1. Quand j'eus fini de lui poser toutes ces questions, elle me dit : " Veux-tu voir autre chose ? " Moi, très désireux de voir, j'en fus fort réjoui. 2. Me fixant des yeux, elle me sourit et me dit : " Tu vois sept femmes autour de la construction ? - Oui, dis-je, Madame. - La tour est supportée par elle, sur l'ordre du Seigneur. 3. Écoute maintenant leurs fonctions. La première, qui de ses mains domine (les autres), s'appelle la Foi ; c'est par elle que sont sauvés les élus du Seigneur. 4. La suivante, qui a une ceinture et un air viril, s'appelle Continence : c'est la fille de la Foi. Quiconque s'attache à elle est heureux pendant sa vie, parce qu'il s'abstient de toute mauvaise action, car il a confiance que, s'il s'abstient de tout désir pervers, il héritera de la vie éternelle. 5. - Et les autres, Madame, quelles sont-elles ? Elles sont filles l'une de l'autre et s'appellent Simplicité, Science, Innocence, Sainteté, Charité. Si tu accomplis toutes les oeuvres de leur mère, tu pourras vivre. 6. - Je voudrais savoir, dis-je, Madame, quel est le pouvoir de chacune d'elles. - Écoute, dit-elle, quels sont leurs pouvoirs. 7. Il sont subordonnés les uns aux autres et se suivent selon l'ordre de naissance de chacune.
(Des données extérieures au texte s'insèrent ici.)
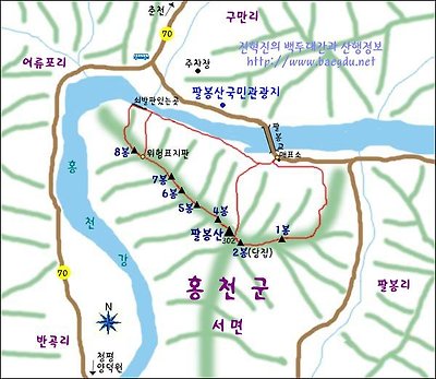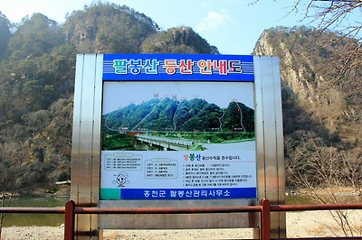 팔봉산 주차장을 나서니 홍천강 인도에는 등산안내도가 보이고..

De la Foi naît Continence ; de Continence, Simplicité ; de Simplicité, Innocence ; d'Innocence, Sainteté ; de Sainteté, Science ; de Science, Charité. Leurs oeuvres sont pures, saintes, divines. 8. Quiconque se fait leur serviteur et a la force de persévérer dans leurs oeuvres aura sa demeure dans la tour avec les saints de Dieu. " 9. Je lui demandai au sujet des temps, si c'était déjà la fin. Mais elle s'écria d'une voix forte : " Insensé, ne vois-tu pas que la tour est encore en construction ? Dès qu'elle sera achevée, ce sera la fin. Et elle sera vite achevée. Ne me demande plus rien : il vous est suffisant, à toi et aux saints, de vous rappeler cela et de renouveler vos esprits. 10. Mais ce n'est pas pour toi seul que tout cela a été révélé : tu dois le faire connaître à tous, dans trois jours ; 11. tu dois en effet d'abord réfléchir toi-même. Je t'enjoins premièrement, Hermas, de répéter à la lettre pour les saints toutes les paroles que je vais te dire, pour qu'après les avoir écoutées et observées ils soient purifiés de leurs péchés et toi avec eux.

17. (9)

"1. Écoutez-moi, mes enfants. C'est moi qui vous ai élevés en toute simplicité, innocence et sainteté, par la miséricorde du Seigneur, qui a fait tomber sur vous goutte à goutte la justice pour vous justifier et vous sanctifier de tout vice et de toute perversité. Mais vous, vous ne voulez pas vous corriger de vos vices. 2. Maintenant donc, écoutez-moi et faites la paix entre vous (1 Th 5, 13), rendez-vous visite et secourez-vous les uns les autres (cf. Ac 20, 35) et n'accaparez pas pour vous seuls les biens que Dieu a créés, mais donnez-en aussi en abondance aux indigents. 3. Car les uns, à force de ripailles, finissent par affaiblir leur corps et miner leur santé. D'autres, qui n'ont pas à manger, voient leur santé ruinée par l'insuffisance d'aliments, et leur corps dépérit. 4. Cette intempérance vous est nuisible, à vous qui possédez et qui ne donnez rien aux indigents ! 5. Voyez le jugement qui arrive. Vous qui avez de trop, cherchez ceux qui ont faim, tandis que la tour n'est pas encore achevée ; car après son achèvement, même si vous voulez faire le bien, vous n'aurez plus l'occasion. 6. Faites donc en sorte, vous qui tirez orgueil de vos richesses, que les indigents n'aient pas à se lamenter (Lc 5, 4), que leurs lamentations ne montent pas jusqu'au Seigneur et qu'avec tous vos biens, vous ne trouviez fermée la porte de la tour. 7. Je m'adresse maintenant aux chefs de l'Église et à ceux qui occupent les premiers rangs. Ne vous rendez pas semblables aux empoisonneurs : eux, ils portent leurs poisons dans des boîtes ; vous, votre poison et votre venin, vous les avez dans le coeur. 8. Vous êtes endurcis et vous refusez de purifier votre coeur et de réaliser l'accord de votre pensée, dans la pureté du coeur pour obtenir miséricorde du grand Roi (Ps 47, 3 ; etc.). 9. Veillez donc, mes enfants, à ce que ces divisions ne vous privent pas de la vie. 10. Comment prétendez-vous former les élus du Seigneur, sans avoir vous-mêmes de formation? Formez-vous donc les uns les autres et faites la paix parmi vous (1 Tb 5, 13), afin que moi aussi, me tenant joyeuse en face du Père, je puisse rendre de vous tous à votre Seigneur un compte favorable. "

18. (10)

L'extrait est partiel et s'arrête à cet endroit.